Service: Stable network endpoint for a set of Pods. Load balancing. DNS name.
Deployment: Declarative updates for Pods. Rolling updates, rollbacks, scaling.
StatefulSet: Like Deployment but for stateful applications. Stable network IDs and persistent storage.
DaemonSet: Ensures a Pod runs on every node (monitoring, logging).
ConfigMap / Secret: External configuration. Injected as env vars or files.
Ingress: HTTP routing from external to Services.
Operators: Custom controllers that automate application management (database operators, message queue operators).
Kubernetes Patterns
Sidecar: Helper container in the same Pod (logging, monitoring, proxy — Envoy in Istio).
Init container: Run before main containers. Database migrations, config setup.

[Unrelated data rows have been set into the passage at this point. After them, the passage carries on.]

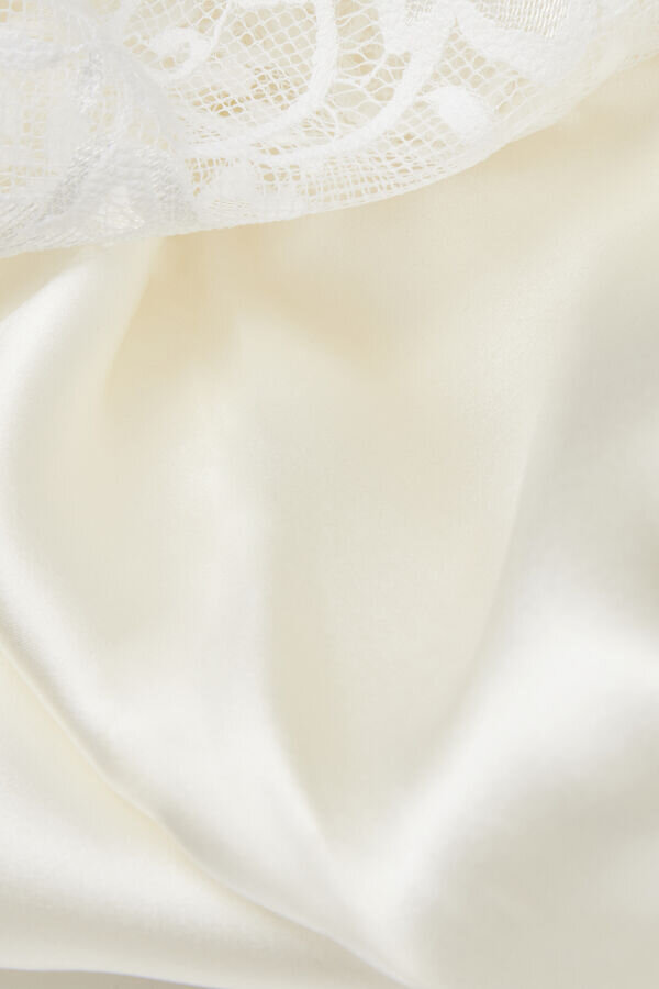 μακρύ νυχτικό από μεταξωτό σατέν, διακοσμημένο με δαντελένια βολάν στο πίσω μέρος και στα πλάγια του μπούστου. αισθησιακές πλαϊνές σχισμές. (175 cm) και φοράει μέγεθος 2 / s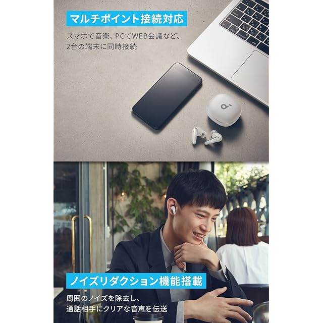 ウルトラノイズキャンセリング 2.0:Anker独自技術のウルトラノイズキャンセリング 2.0により、ノイズキャンセリングの強度を自動で調節します。また、風切り音の低減機能も搭載しています。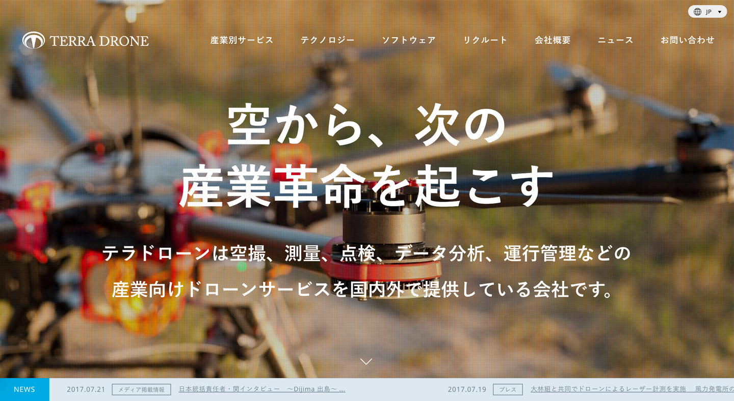 ご存知テラモーターズの子会社として2016年に設立され、多くの大企業とコラボレーションしながらドローンの普及を進めています。土木工事における測量やダムやビルの保守・点検は足場を組んでの目視での確認や高所作業車を利用しての作業など、危険を伴うことも多く、安全確保の意味でもドローンが注目されています。アメリカにはすでにSkycatchという先行サービスがあり、日本からはコマツが出資しています。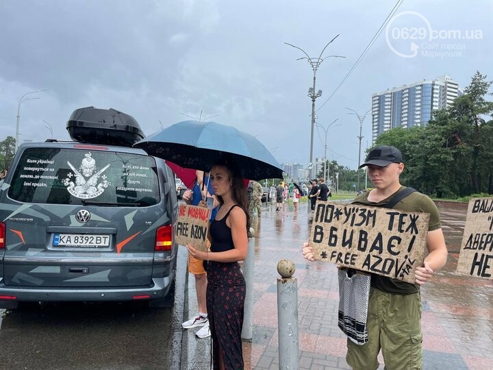 К участникам присоединились киевляне, бывшие пленные, желающие поддержать пленников. В руках митингующие держали фото защитников, плакаты и флаги. Несмотря на ливень люди не расходились. Также проехала автоколонна, которая сигнализировала в поддержку участников акции.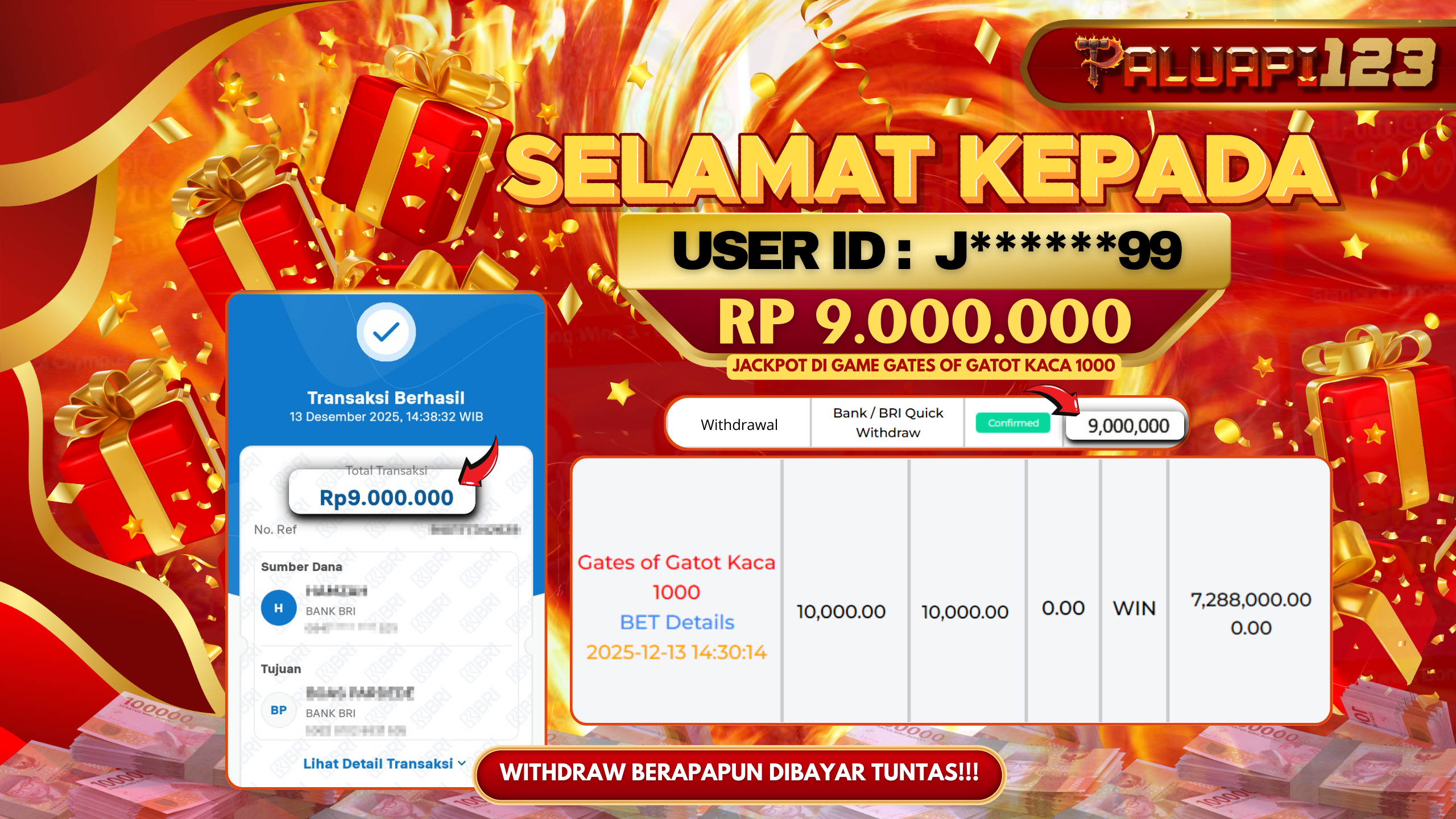 Selamat kepada User id : J******99 Telah berhasil mendapatkan kemenangan besar pada permainan GATES OF GATOT KACA 1000 kemenangan Sebesar Rp.9.000.000.,-

Ambassador: Proxy container handling external communication.
Container Security
Defense in Depth
- Minimal base images: Alpine, distroless, scratch — fewer packages = fewer vulnerabilities.
- Non-root user: Run as non-root inside the container.
- Read-only root filesystem: Prevent writes to the image layer.
- Drop capabilities: Remove unnecessary Linux capabilities (NET_RAW, SYS_ADMIN).
- Seccomp profiles: Restrict syscalls.
- AppArmor / SELinux: MAC policies for containers.
- Network policies: Restrict pod-to-pod communication in Kubernetes.
- Image scanning: Scan images for known vulnerabilities (Trivy, Snyk, Grype).
Container Isolation Limits
Containers share the host kernel. A kernel vulnerability can escape the container.
Stronger isolation: gVisor (user-space kernel), Kata Containers (lightweight VMs with container API), Firecracker (micro-VMs used by AWS Lambda).
Applications in CS
- Microservices: Each service in its own container. Independent deployment, scaling, updates.
- CI/CD: Build and test in containers (reproducible environments). GitHub Actions, GitLab CI.
- Development: Docker Compose for local multi-service development. "Works on my machine" → "Works in this container."
- Cloud-native: Kubernetes orchestrates containers at scale. Auto-scaling, self-healing, rolling updates.
- Edge computing: Lightweight containers on IoT devices and edge servers.
- ML/AI: Containerized training and inference. GPU support (NVIDIA Container Toolkit). Reproducible experiments.
- Serverless: AWS Lambda uses Firecracker (container-like micro-VMs). Cloud Run runs containers on demand.